> _DATASET CONTENT_

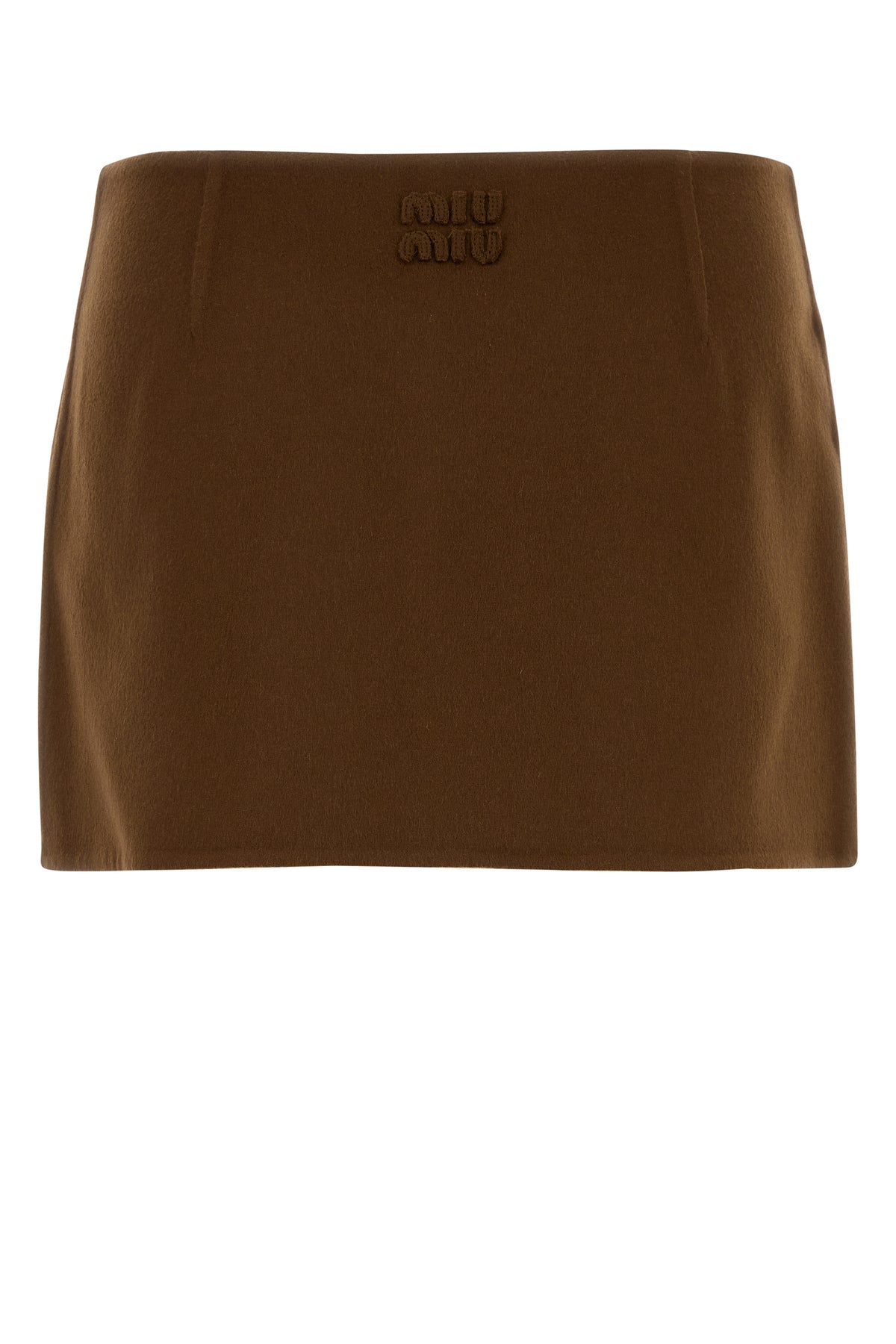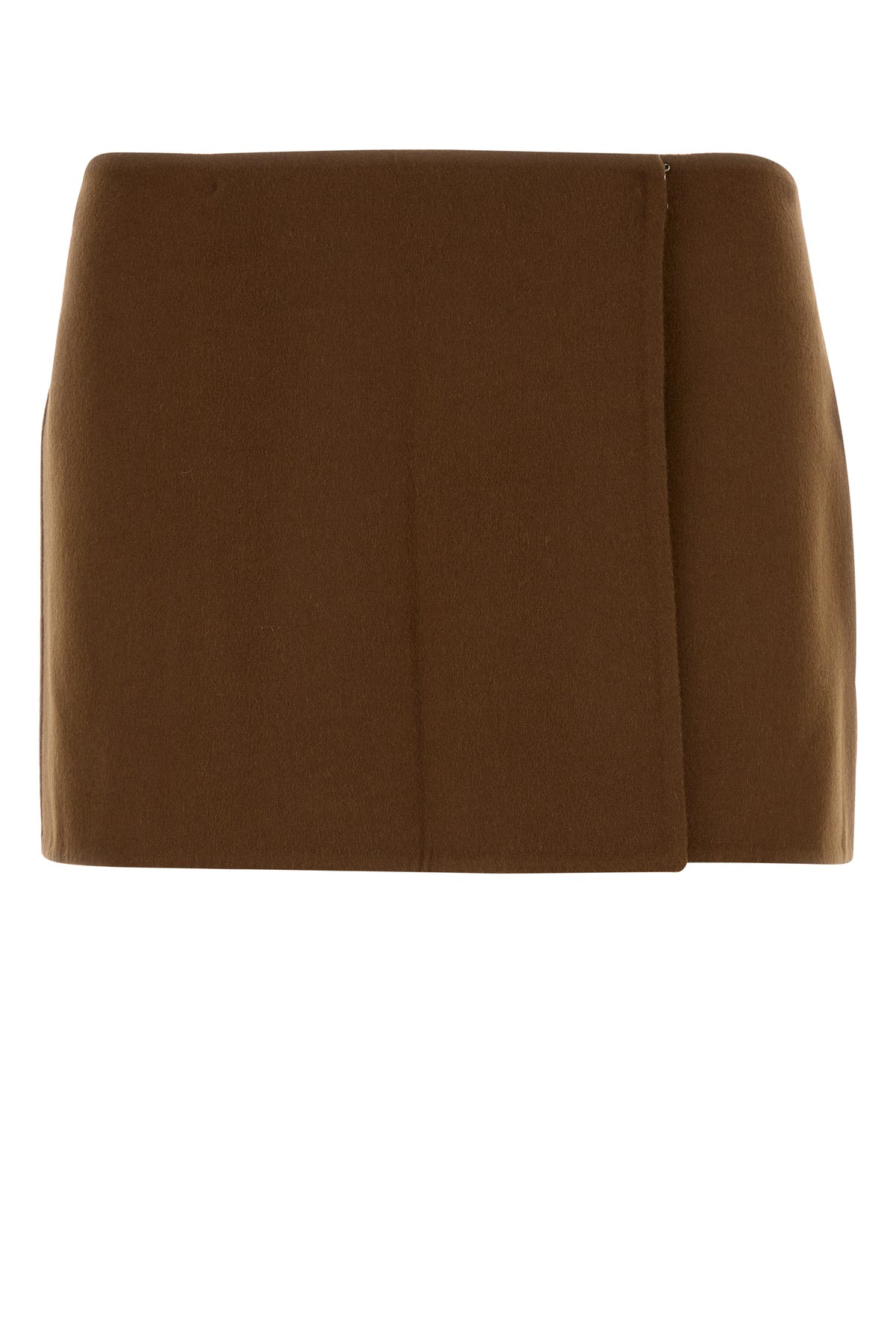 Mini skirt realized in wool blend enriched by tonal logoed patch at the back.
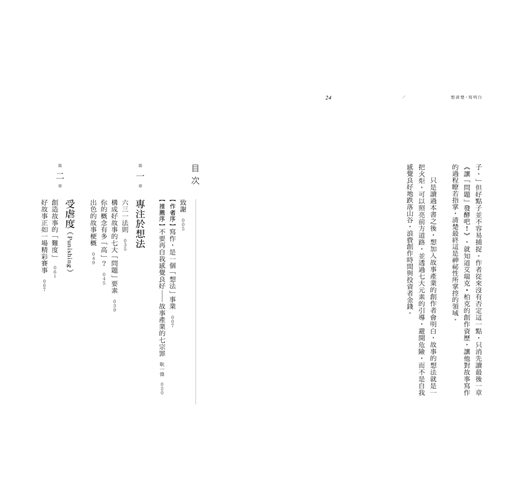 本書從業界編劇的角度出發,點出好的影視、劇場或小說所必須具備的七大元素,讓有志創作者不僅不會浪費寶貴時間在無效的概念上蹉跎,一但開始創作,也可以事半功倍。
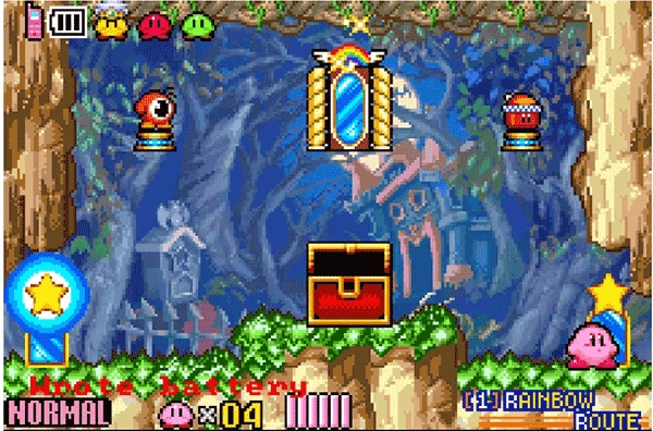 《星之卡比镜之迷宫》呈现出像素画风,而且设有诸多全新关卡等待你来挑战。要达成这款游戏100%的完成度,需开启全部宝箱、击败所有大魔头与最终魔头,并且进入所有房间。

> _WHAT THE TASK REQUIRES_
Give back an exact copy of the material above, omitting the pictures.

> _RESPONSE TO THE EXERCISE_
 Mini skirt realized in wool blend enriched by tonal logoed patch at the back.
 本書從業界編劇的角度出發,點出好的影視、劇場或小說所必須具備的七大元素,讓有志創作者不僅不會浪費寶貴時間在無效的概念上蹉跎,一但開始創作,也可以事半功倍。
 《星之卡比镜之迷宫》呈现出像素画风,而且设有诸多全新关卡等待你来挑战。要达成这款游戏100%的完成度,需开启全部宝箱、击败所有大魔头与最终魔头,并且进入所有房间。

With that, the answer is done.